[Supplied material]
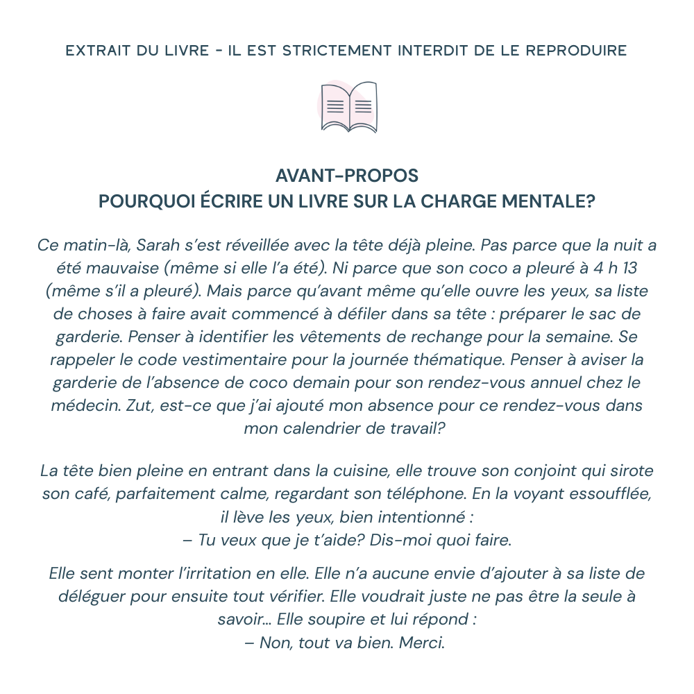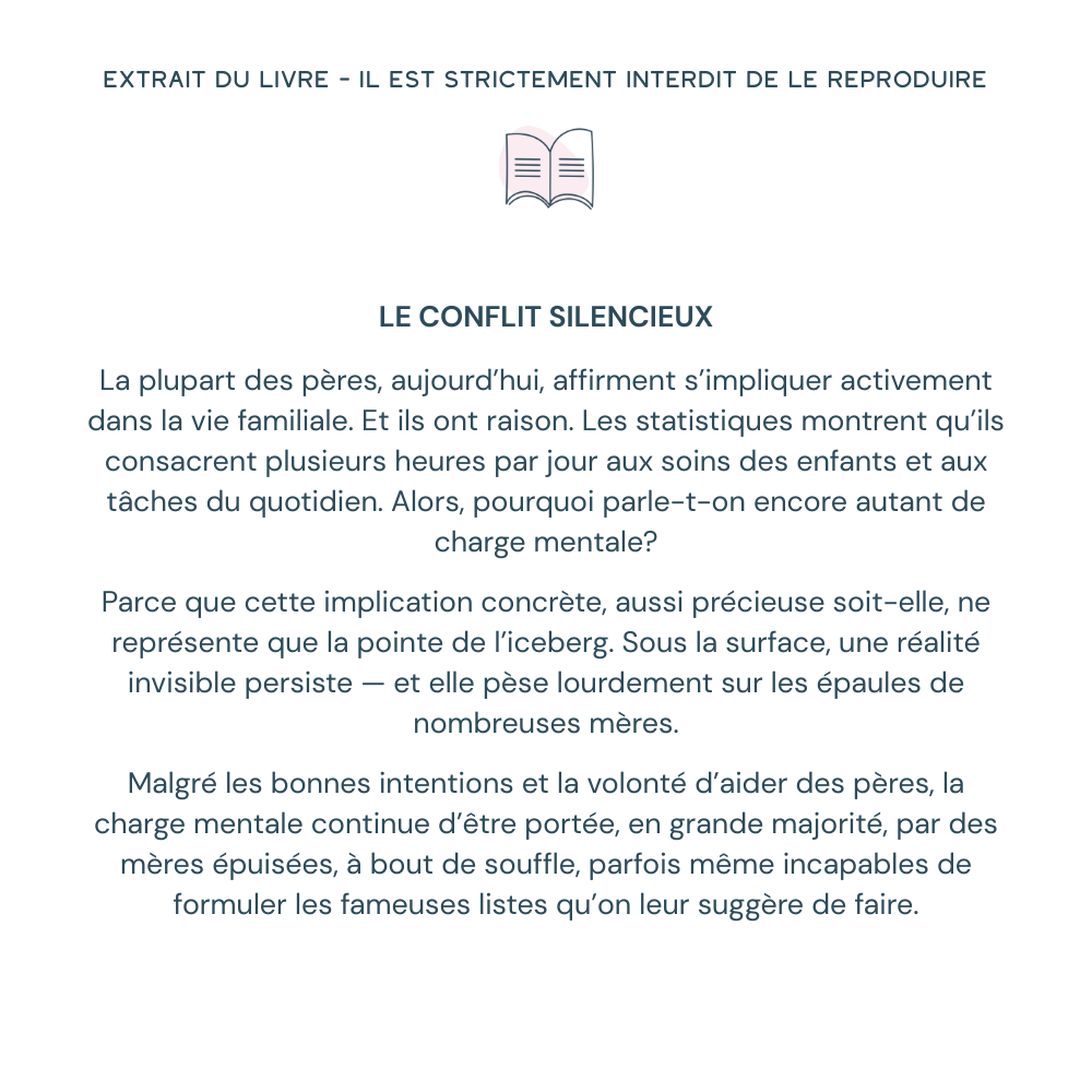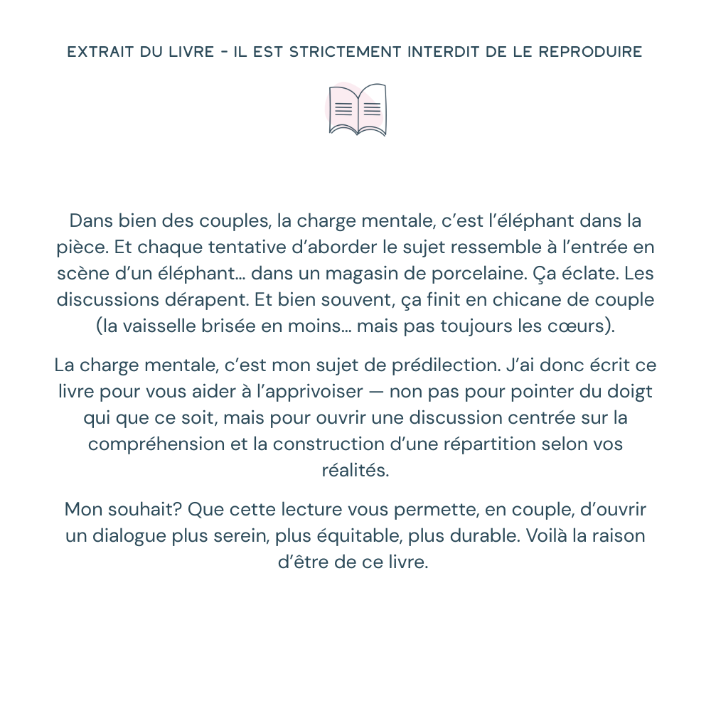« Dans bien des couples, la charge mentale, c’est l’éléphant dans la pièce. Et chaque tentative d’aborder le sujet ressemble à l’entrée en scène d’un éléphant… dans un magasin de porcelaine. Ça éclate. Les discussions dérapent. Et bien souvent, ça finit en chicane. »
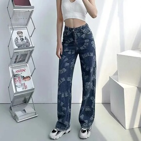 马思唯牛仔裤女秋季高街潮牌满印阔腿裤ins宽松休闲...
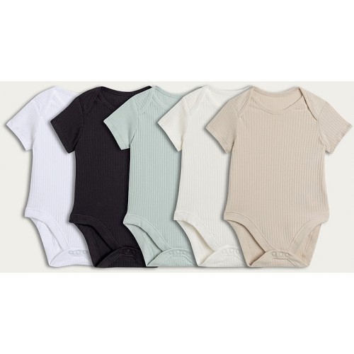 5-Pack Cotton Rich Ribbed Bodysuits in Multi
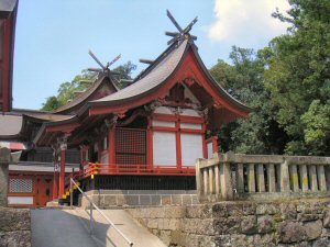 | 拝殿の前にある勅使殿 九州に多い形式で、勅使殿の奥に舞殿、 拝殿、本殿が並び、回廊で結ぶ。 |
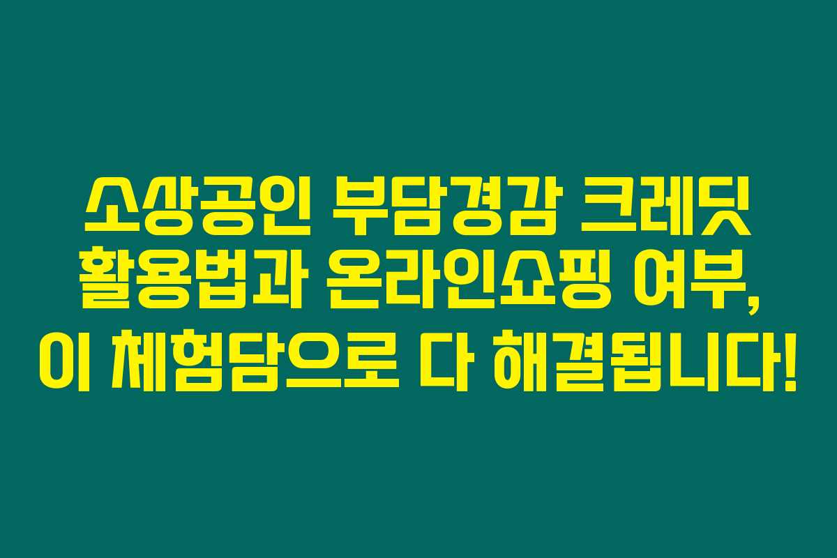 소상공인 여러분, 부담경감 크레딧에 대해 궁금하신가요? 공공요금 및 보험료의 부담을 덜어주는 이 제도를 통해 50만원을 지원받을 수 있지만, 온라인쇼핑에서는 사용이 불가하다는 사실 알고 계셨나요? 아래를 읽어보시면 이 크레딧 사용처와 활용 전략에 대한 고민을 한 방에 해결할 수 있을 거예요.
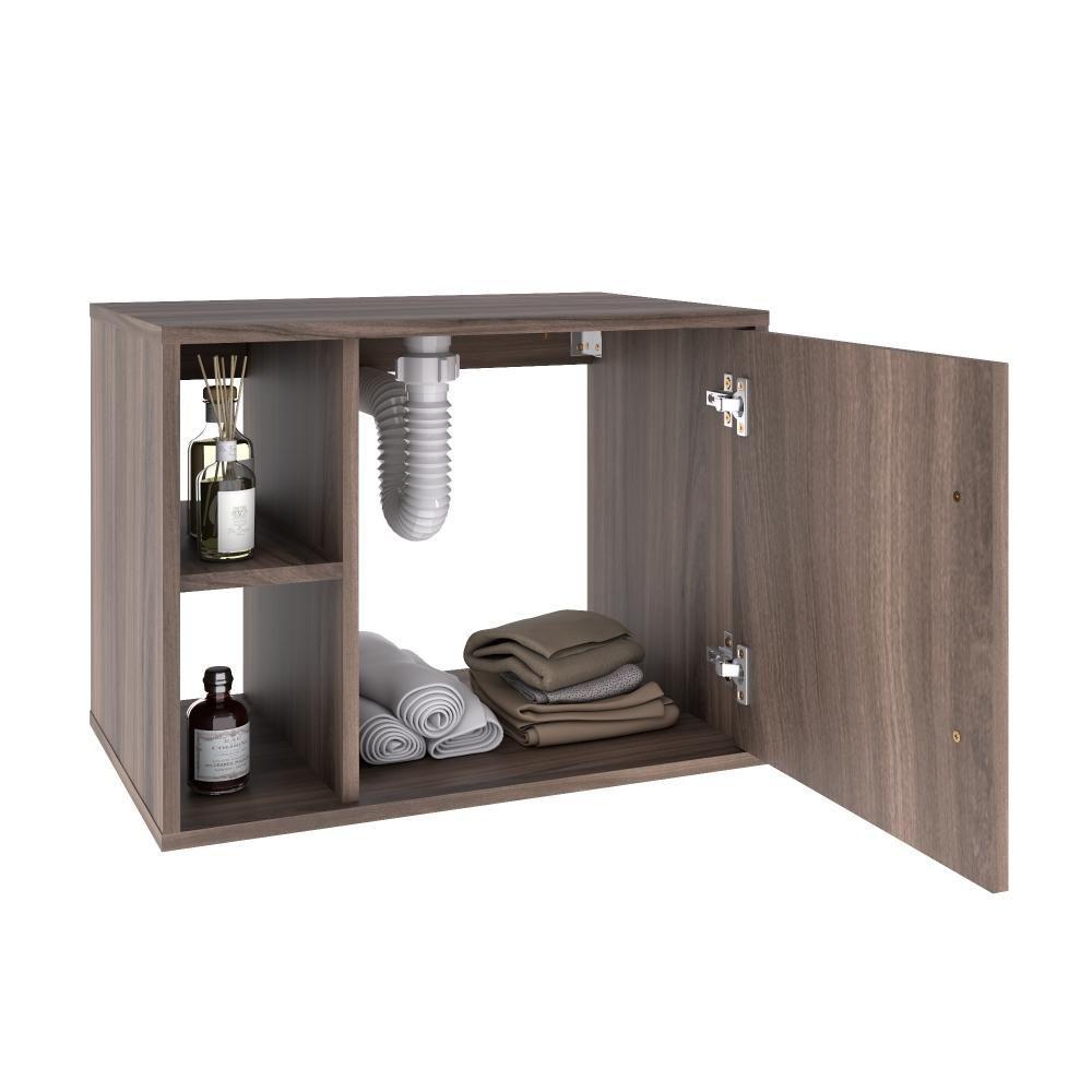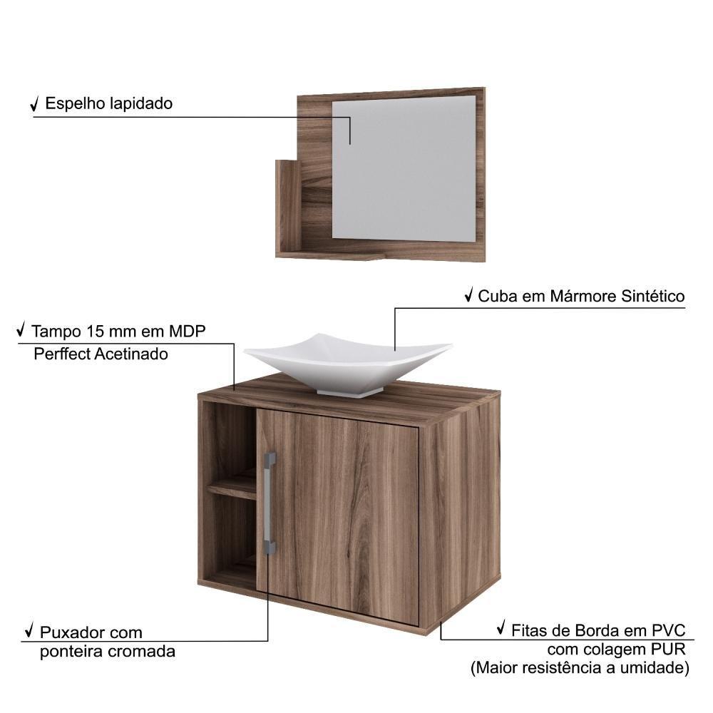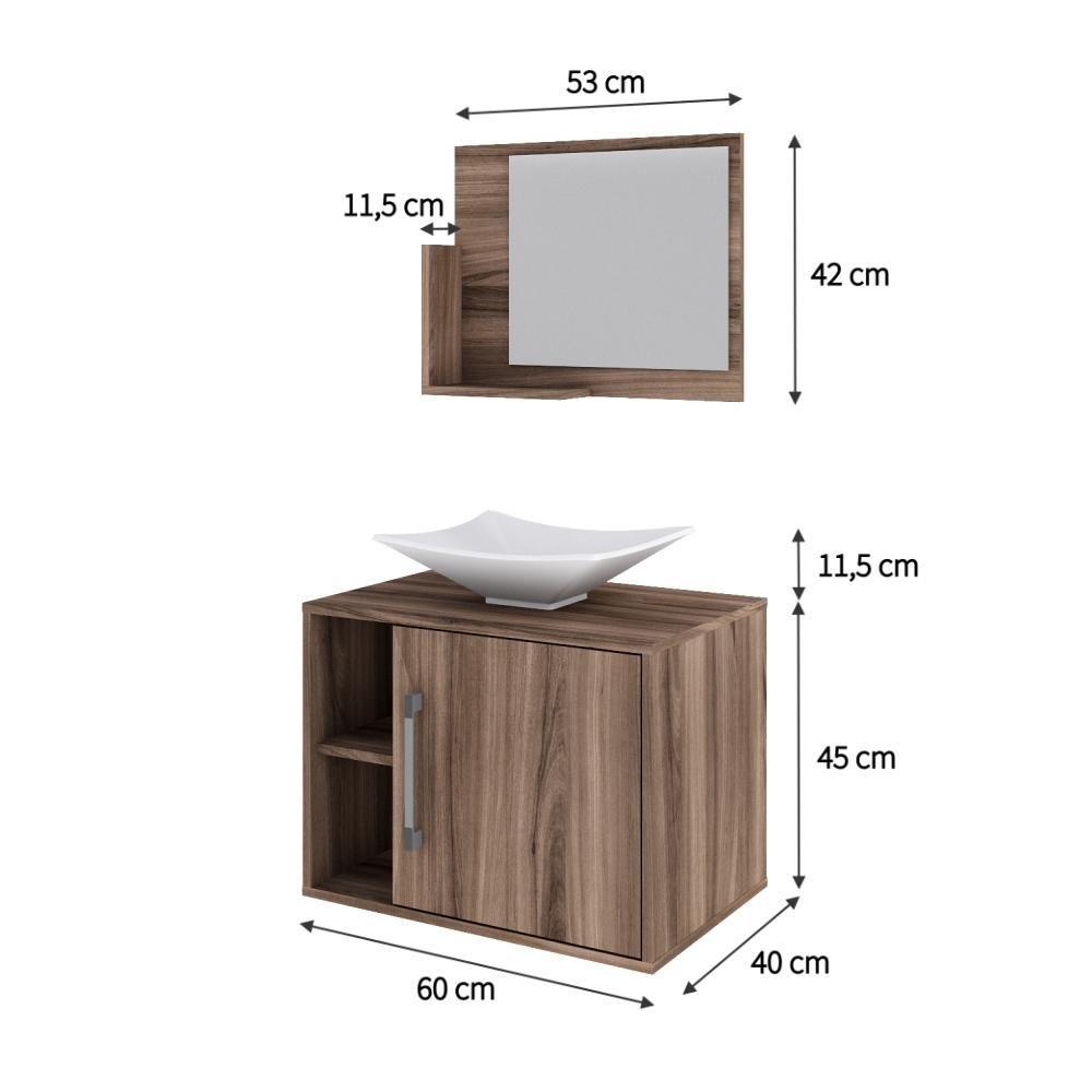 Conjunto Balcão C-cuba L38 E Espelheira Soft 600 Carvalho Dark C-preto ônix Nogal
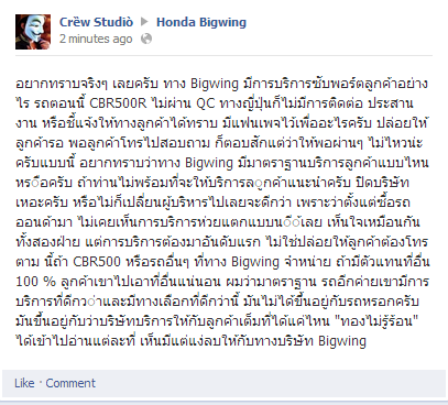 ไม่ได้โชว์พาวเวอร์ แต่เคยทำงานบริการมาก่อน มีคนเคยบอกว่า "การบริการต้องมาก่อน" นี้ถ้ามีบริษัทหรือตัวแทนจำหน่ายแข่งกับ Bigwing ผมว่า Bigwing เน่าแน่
[/Supplied material]
### [What is required]
Begin at the line containing "소상공인 여러분, 부담경감" and copy every line through the end of the data above exactly, omitting the pictures.

### [Solution to this problem]
 소상공인 여러분, 부담경감 크레딧에 대해 궁금하신가요? 공공요금 및 보험료의 부담을 덜어주는 이 제도를 통해 50만원을 지원받을 수 있지만, 온라인쇼핑에서는 사용이 불가하다는 사실 알고 계셨나요? 아래를 읽어보시면 이 크레딧 사용처와 활용 전략에 대한 고민을 한 방에 해결할 수 있을 거예요.
 Conjunto Balcão C-cuba L38 E Espelheira Soft 600 Carvalho Dark C-preto ônix Nogal
 ไม่ได้โชว์พาวเวอร์ แต่เคยทำงานบริการมาก่อน มีคนเคยบอกว่า "การบริการต้องมาก่อน" นี้ถ้ามีบริษัทหรือตัวแทนจำหน่ายแข่งกับ Bigwing ผมว่า Bigwing เน่าแน่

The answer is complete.